After the PR is created
After a PR Is created, we will run the same checks we did for (1) above. In addition:
- We run more tests - perhaps integration tests
- We will run some code quality tools here - like codeql for example
- We might also run some test coverage tools here to ensure that the new code continues to have code coverage - this is tricky, as higher code coverage isn’t necessarily an indication for working code, but it’s a start
- You enforce how many approvals the PR needs and who can approve
After the PR is merged
Let’s say your organization uses only two branches - develop and main/master.
All code changes are first merged into develop which gets deployed to a development environment
Then the change is promoted to production by creating a PR for the master branch, which when merged gets deployed into production.
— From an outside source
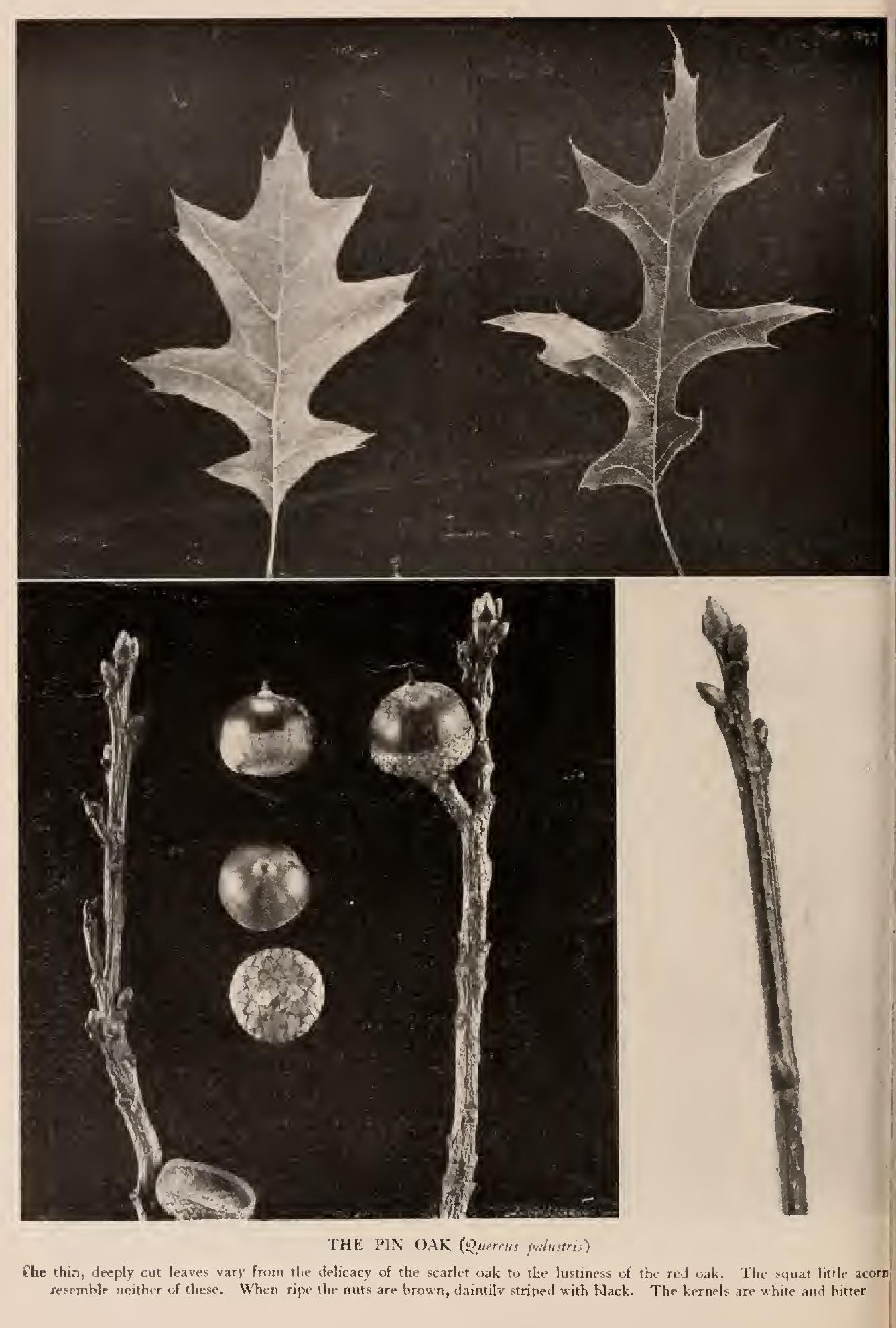 Pin Oak, Swamp Spanish Oak (Quercus palustris, Linn.) —A graceful, pyramidal tree when young, becoming oblong and irregular, at length; 5o to 12o feet high; branches horizontal, short. Bark grey-brown, shining, smooth, becoming scaly on trunk; twigs red, tomentose. Wood hard, tough, strong, heavy, coarse grained, light brown, variegated. Buds small, acute, brown. Leaves alternate, 4 to 6 inches long, deeply 5 to 7-lobed with wide sinuses almost to the midrib, shining above, dull and pale beneath, scarlet in autumn. Flowers in May, with half grown leaves; staminate, in hairy catkins, 2 to 3 inches long; pis tillate on short hairy peduncles, with bright red stigmas. Acorns

You configure the deployment environment based on the branch in your CI workflow.
Either way, before the actual cut-over happens to the new code (new stack), you will run a bunch of checks - HTTP API checks that will directly be configured to hit the new stack, and only if the tests pass, is the traffic cut over.
Note that you could also have a single “master” branch and then simply promote the change from development to production.
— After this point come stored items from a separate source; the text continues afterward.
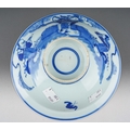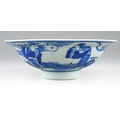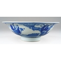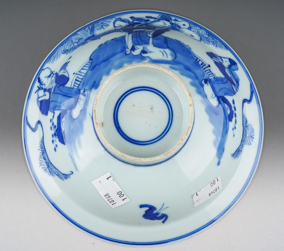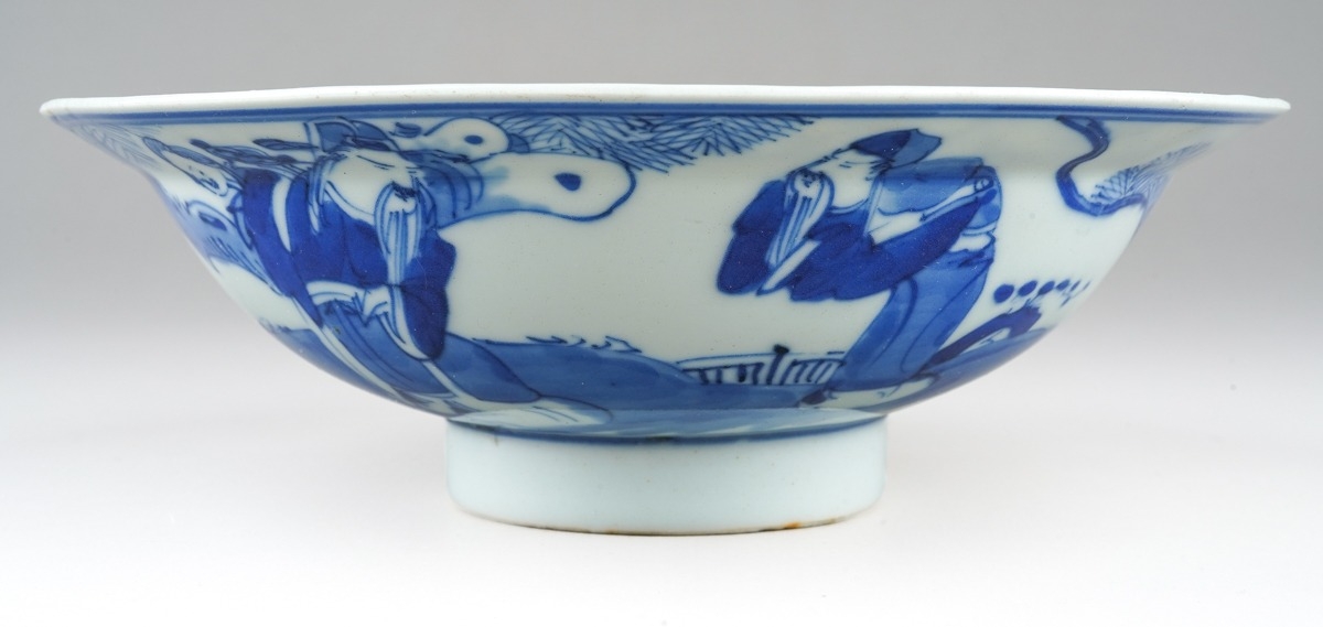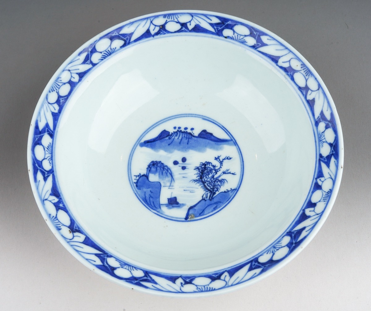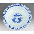 A 19th century Chinese blue and white shallow bowl, interior with roundel depicting a coastal scene, the exterior decorated with the Three Star Gods, short foot, unmarked, diameter 18.9cm
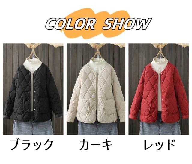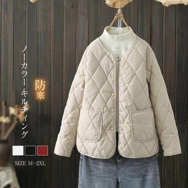 ノーカラー キルティング ジャケット レディース アウター トレンチコート 羽織り 中綿 コート 防寒 キルティング 秋 冬
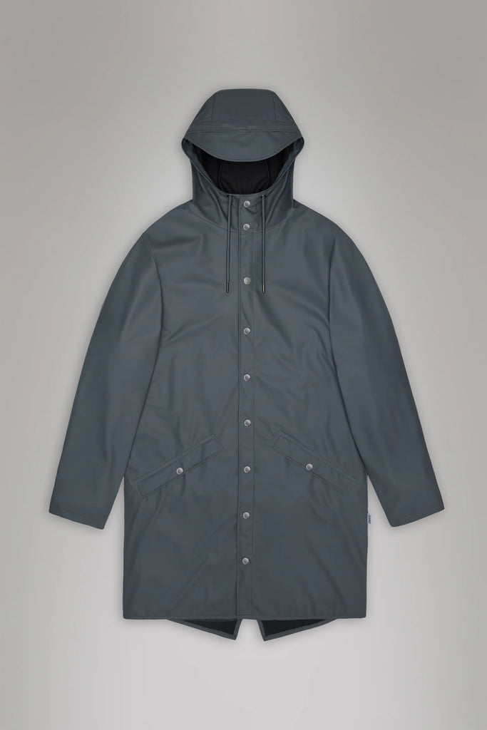 Este impermeable es la versión larga del clásico impermeable de Rains. Presenta una tapeta con botones de presión, capucha con visera incorporada y dos bolsillos laterales con botones automáticos. Las mangas presentan botones de presión que permiten ajustarlas para que queden sueltas o recogidas.
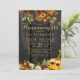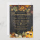 Belles fleurs automnales rouillées et bordeaux foncé et bordures citrouilles avec cordes de lumières scintillantes dorées sur un arrière - plan de grange brun foncé faisant une invitation à la soirée barbecue au chaud domestique avec une écriture manuscrite manuscrite script de typographie or. ++++++++++ Facile à personnaliser avec vos détails ! Convient pour l'automne rustique ferme de campagne de l'automne jardin extérieur fêtes, ou barbecues.
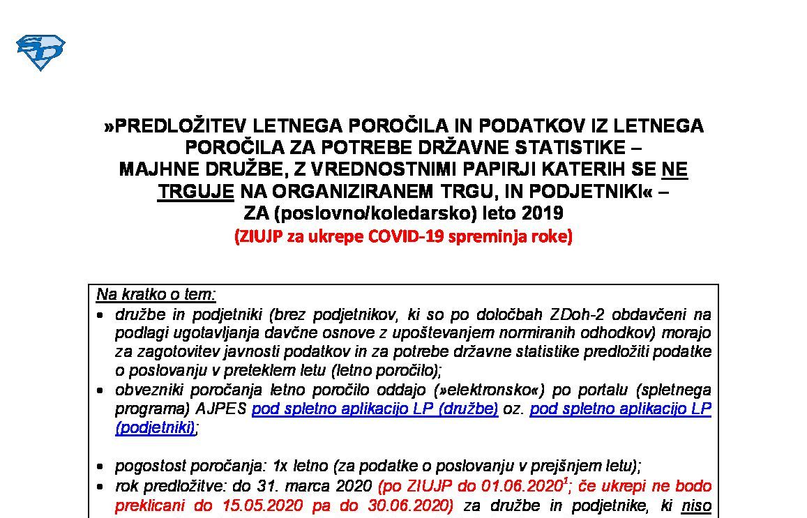 PREDLOŽITEV LETNEGA POROČILA IN PODATKOV IZ LETNEGA POROČILA ZA POTREBE DRŽAVNE STATISTIKE – MAJHNE DRUŽBE, Z VREDNOSTNIMI PAPIRJI KATERIH SE NE TRGUJE NA ORGANIZIRANEM TRGU, IN PODJETNIKI - ZA (poslovno/koledarsko) leto 2024 31.01.2025
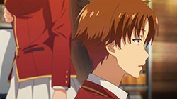 Well, at least it’s better than what I thought it will be. I for one feel okay with the MC’s character and voice. It doesn’t remind me of Hikigaya, which is good enough for me. Ayanokoji have indifference in his voice, and I think that fits with his disinterest to everything. Maybe his disinterest may also be why he’s in class D in the first place? This first episode seems really similar with Oregairu, loner MC(kind of) meets another, then a cheerful social girl comes along. But with the setting, it’s expected that everyone in the class will have a role and their own moments. It may not end up being a good one, but at least I hope the anime can separate themselves from other anime with similar setting.
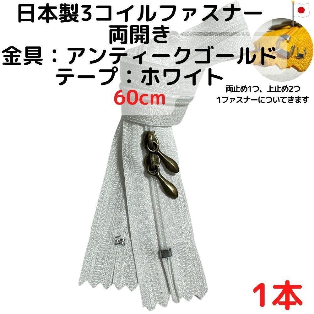 - ファスナー60cm両開き1本アンティークGxホワイト【CFSA60W1】
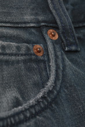 A pair of loose fit straight leg jeans made from an organic cotton rigid denim enhanced with recycled cotton. They have a medium rise with a relaxed fit throughout the hips and seat.

You can implement manual reviews and checks using: https://docs.github.com/en/actions/how-tos/deploy/configure-and-manage-deployments/review-deployments
Ongoing management
- Secrets stored in the CI tool, and is retrieved at CI build time
- Any secrets that developers need access to are never committed - typically, via ensuring that
.envfiles are in.gitignore. The secrets themselves are then only accessible by developers - Vulnerability scanning in dependencies
- Vulnerability scanning in built artifacts - e.g. docker images
- Generally consider static checks for your application code as well as any infrastructure code if possible in your CI. For eg. https://learnkube.com/validating-kubernetes-yaml or https://github.com/CoverGenius/kubelint
This is one book that really helped me understand devops/infrastructure in a very wholistic manner: https://www.amazon.com.au/Web-Operations-John-Allspaw/dp/1449377440 and some talks by the writer: https://www.youtube.com/results?search_query=web%20operations%20john%20allspaw
At Atlassian i used to work on the development team for https://spinnaker.io/docs/concepts/ - which is a dedicated deployment platform, it is complex and you may not need it at this point, but it might help you learn a lot of new things, so happy to discuss it too.